Governor of Fars
- In office 869–870
- Monarchs: al-Muhtadi, al-Mu'tamid

Personal details
- Died: c. 870 Fars, Abbasid Caliphate
- Parent: Sima al-Sharabi (father);

= Al-Harith ibn Sima al-Sharabi =

Abbasid governor of Fars (869–870)

Al-Harith ibn Sima al-Sharabi (الحارث بن سيما الشرابي) (died 870) was the governor of Fars for the Abbasid Caliphate from 869 until his death.

== Career ==
Al-Harith's appointment to Fars came in the aftermath of the Saffarid amir Ya'qub ibn al-Layth's recent forced entry into Shiraz, the provincial capital. Ya'qub's subsequent departure from Fars allowed the caliphal government to briefly reestablish their authority over the province, and al-Harith and other officials arrived to take control of local affairs.
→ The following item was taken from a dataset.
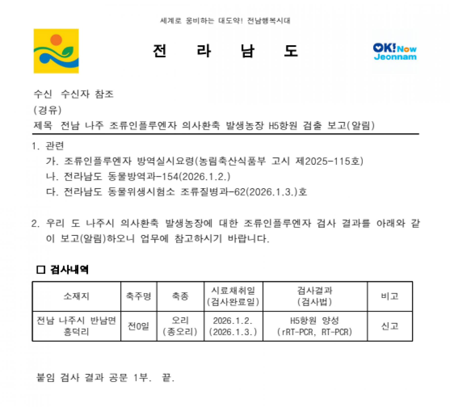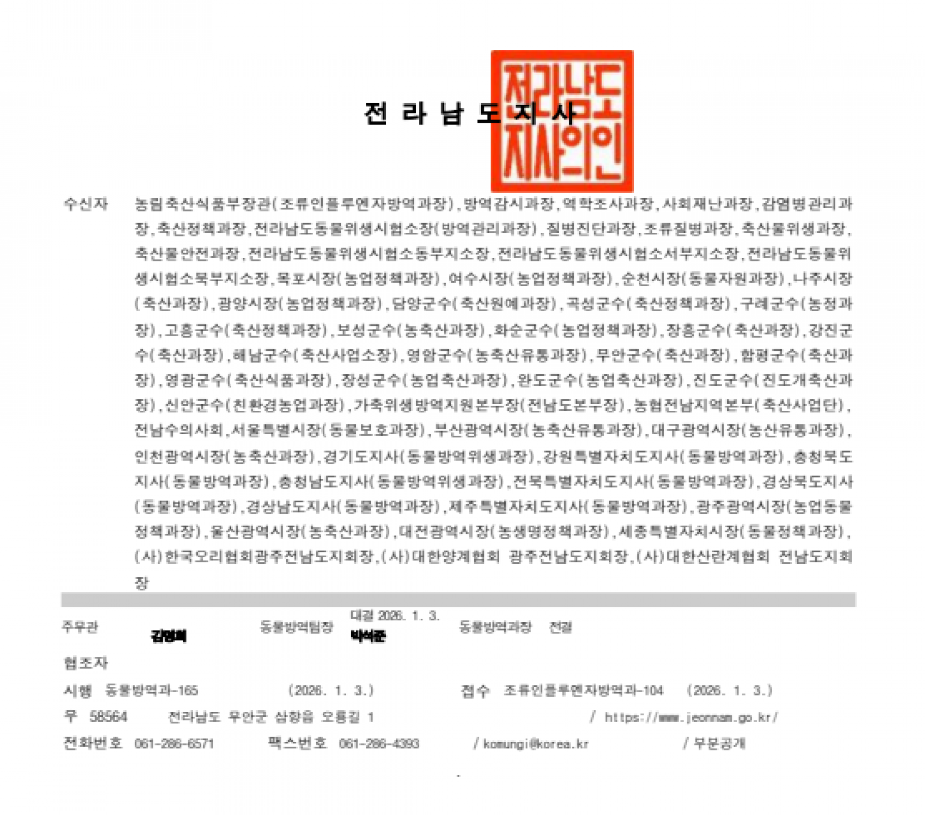 전남 나주(종오리) 가금농장 고병원성 AI 의사환축 발생에 따른 방역강화 조치

Al-Harith's governorship was brief. He was soon challenged by a local Kharijite, Muhammad ibn Wasil. The two sides engaged each other in battle and al-Harith was killed; Muhammad then seized control of Fars.

== Bibliography ==
- Bosworth, C. E. The History of the Saffarids of Sistan and the Maliks of Nimruz (247/861 to 949/1542-3). Costa Mesa, California: Mazda Publishers, 1994. ISBN 1-56859-015-6.
- Al-Tabari, Abu Ja'far Muhammad ibn Jarir. The History of al-Tabari. Ed. Ehsan Yar-Shater. 40 vols. Albany, NY: State University of New York Press, 1985–2007.
- Tor, D. G. Violent Order: Religious War, Chivalry, and the 'Ayyar Phenomenon in the Medieval Islamic World. Würzburg: Ergon, 2007. ISBN 3-89913-553-9.